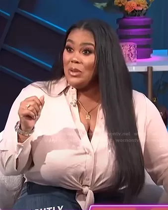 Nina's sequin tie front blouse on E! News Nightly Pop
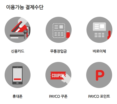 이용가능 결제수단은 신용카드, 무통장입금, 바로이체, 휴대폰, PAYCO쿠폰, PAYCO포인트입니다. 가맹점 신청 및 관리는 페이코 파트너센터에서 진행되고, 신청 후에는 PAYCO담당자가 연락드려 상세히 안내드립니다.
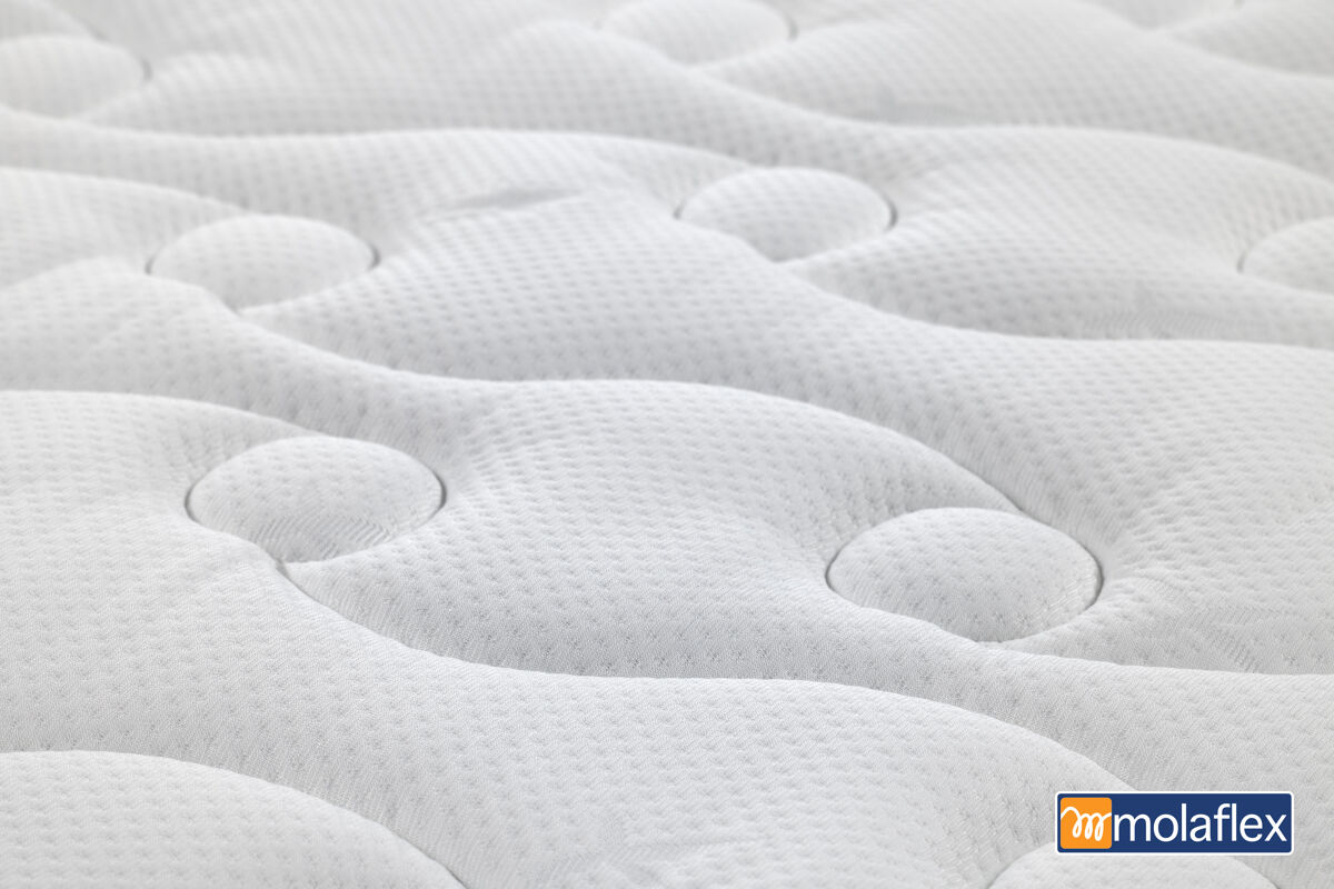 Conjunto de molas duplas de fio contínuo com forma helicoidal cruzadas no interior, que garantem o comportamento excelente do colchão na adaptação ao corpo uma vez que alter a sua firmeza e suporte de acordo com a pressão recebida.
|---|
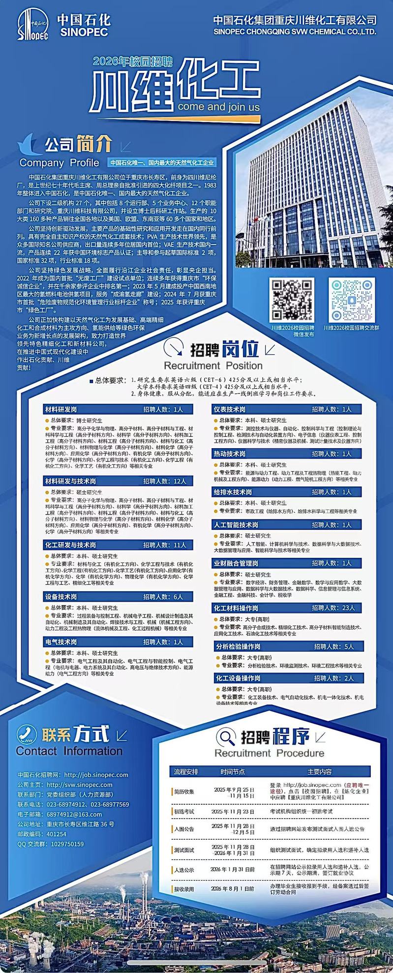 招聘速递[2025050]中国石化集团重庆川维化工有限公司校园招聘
|---|
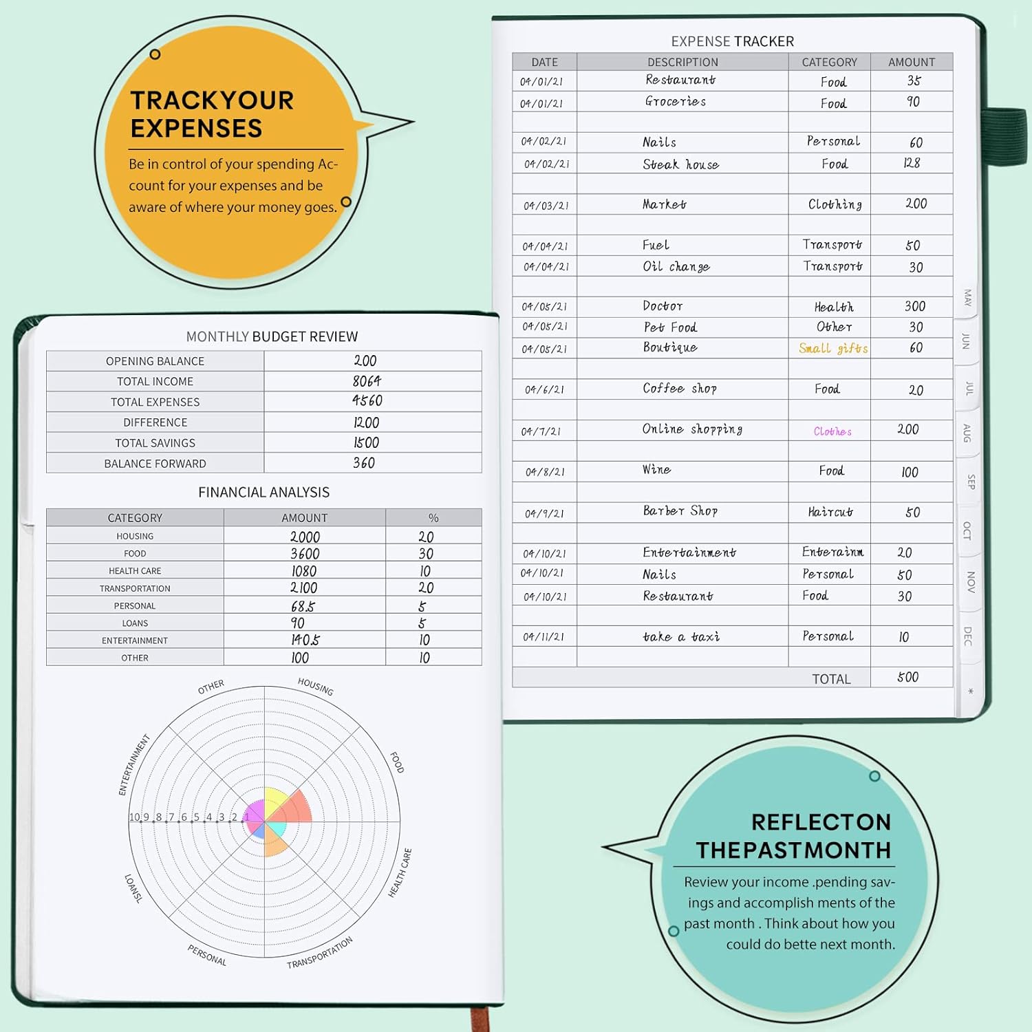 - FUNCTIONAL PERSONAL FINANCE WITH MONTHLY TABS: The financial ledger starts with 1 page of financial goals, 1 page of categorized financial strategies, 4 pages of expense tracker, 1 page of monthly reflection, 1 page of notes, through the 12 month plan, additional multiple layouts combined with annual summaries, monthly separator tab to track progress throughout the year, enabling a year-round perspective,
|---|
## The problem
Within the data above, repeat exactly the lines from the one bearing "Nina's sequin tie" through the one bearing "이용가능 결제수단은 신용카드, 무통장입금, 바로이체, 휴대폰, PAYCO쿠폰, PAYCO포인트입니다.". Include no pictures and nothing else.

## Answer box
 Nina's sequin tie front blouse on E! News Nightly Pop
 이용가능 결제수단은 신용카드, 무통장입금, 바로이체, 휴대폰, PAYCO쿠폰, PAYCO포인트입니다. 가맹점 신청 및 관리는 페이코 파트너센터에서 진행되고, 신청 후에는 PAYCO담당자가 연락드려 상세히 안내드립니다.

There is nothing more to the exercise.